Modeling to Normal Forms
I attended the on=line Data Modeling Boot Camp this past week. Among the presenters was Chris Date. He spoke about Normalization for Database Professionals. It was a deep dive into Normal Forms with proofs for why they hold true.
It got me thinking about how we create our models Specifically, what Normal Forms do we consider optimal? Or, which Normal Forms are practically achievable?
I don't have an answer (that's why I ask the questions here). I have Chris Date's answer, which I'll hold for a while. So, I ask you - How would you answer the above questions?
For my part, my conceptual data models do not have a Normal Form. They tend to be relational entities with no attributes. My logical data models tend to be in in 3NF, though I think that BCNF is optimal. My physical models tend to be 2NF for performance, which I think is optimal.
I try for 5NF. Most of the time though, once you hit 3NF, the model is also in BCNF, 4NF, and 5NF, as it is rare (but definitely possible) to see violations of these higher levels in practice.

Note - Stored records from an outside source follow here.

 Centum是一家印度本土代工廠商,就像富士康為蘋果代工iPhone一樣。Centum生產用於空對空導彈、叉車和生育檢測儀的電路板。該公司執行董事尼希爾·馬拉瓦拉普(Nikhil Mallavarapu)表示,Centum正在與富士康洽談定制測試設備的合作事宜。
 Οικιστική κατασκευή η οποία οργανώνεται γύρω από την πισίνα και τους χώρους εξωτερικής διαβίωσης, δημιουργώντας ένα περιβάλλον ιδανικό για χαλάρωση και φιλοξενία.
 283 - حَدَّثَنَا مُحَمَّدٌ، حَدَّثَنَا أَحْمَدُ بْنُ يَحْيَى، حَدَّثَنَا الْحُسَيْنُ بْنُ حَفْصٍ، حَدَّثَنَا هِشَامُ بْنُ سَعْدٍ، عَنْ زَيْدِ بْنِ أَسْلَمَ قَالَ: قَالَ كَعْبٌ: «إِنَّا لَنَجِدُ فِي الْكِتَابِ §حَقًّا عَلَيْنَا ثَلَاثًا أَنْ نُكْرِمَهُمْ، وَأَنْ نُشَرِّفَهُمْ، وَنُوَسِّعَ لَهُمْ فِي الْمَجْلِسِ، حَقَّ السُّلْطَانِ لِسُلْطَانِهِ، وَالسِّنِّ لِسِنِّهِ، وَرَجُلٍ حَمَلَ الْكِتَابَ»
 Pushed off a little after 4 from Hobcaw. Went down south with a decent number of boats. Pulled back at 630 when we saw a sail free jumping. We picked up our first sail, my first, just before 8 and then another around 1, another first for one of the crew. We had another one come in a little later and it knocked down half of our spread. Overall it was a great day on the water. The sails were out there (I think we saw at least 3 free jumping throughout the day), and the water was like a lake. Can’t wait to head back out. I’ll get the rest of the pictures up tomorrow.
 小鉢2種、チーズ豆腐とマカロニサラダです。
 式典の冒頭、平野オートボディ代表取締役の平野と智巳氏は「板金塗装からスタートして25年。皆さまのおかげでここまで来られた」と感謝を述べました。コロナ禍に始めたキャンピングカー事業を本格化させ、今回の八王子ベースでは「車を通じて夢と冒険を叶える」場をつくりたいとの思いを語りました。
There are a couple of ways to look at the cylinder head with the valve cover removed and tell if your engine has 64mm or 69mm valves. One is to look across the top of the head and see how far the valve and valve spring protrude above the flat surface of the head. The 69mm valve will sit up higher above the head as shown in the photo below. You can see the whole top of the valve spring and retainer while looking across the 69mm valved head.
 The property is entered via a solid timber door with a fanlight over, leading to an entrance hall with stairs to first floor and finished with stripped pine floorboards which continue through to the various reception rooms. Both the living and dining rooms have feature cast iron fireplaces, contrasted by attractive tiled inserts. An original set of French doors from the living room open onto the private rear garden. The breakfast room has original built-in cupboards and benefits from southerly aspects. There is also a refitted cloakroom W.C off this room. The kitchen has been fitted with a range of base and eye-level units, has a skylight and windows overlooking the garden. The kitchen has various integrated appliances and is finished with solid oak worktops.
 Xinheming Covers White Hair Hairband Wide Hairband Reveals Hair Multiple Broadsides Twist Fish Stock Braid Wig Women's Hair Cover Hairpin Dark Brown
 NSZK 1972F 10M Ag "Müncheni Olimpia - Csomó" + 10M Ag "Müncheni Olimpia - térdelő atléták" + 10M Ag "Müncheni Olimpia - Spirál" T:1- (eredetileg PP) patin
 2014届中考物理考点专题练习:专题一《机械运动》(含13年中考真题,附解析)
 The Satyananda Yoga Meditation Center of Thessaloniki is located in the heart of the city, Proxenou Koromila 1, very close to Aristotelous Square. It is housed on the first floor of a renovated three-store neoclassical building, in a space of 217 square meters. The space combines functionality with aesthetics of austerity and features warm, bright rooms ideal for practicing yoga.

I agree that it is uncommon for a model to reach 3NF and not also be in 4 & 5NF. I generally strive for 5NF unless situation demands otherwise.
So as with everything, the true answer is 'It depends'.
Agreed; there is always an 'it depends' but in my experience defining the logical model to 3NF is good enough to arrive at an optimal explanation of the data. The non-redundancy and adherence to keys is enough for practical purposes to derive a de-normalised database schema where necessary from a sound starting point.
However, there is no substitute for understanding the data and the business context in which it is set, so this is the best judge of whether the 3NF model needs to be taken further to represent the situation as is.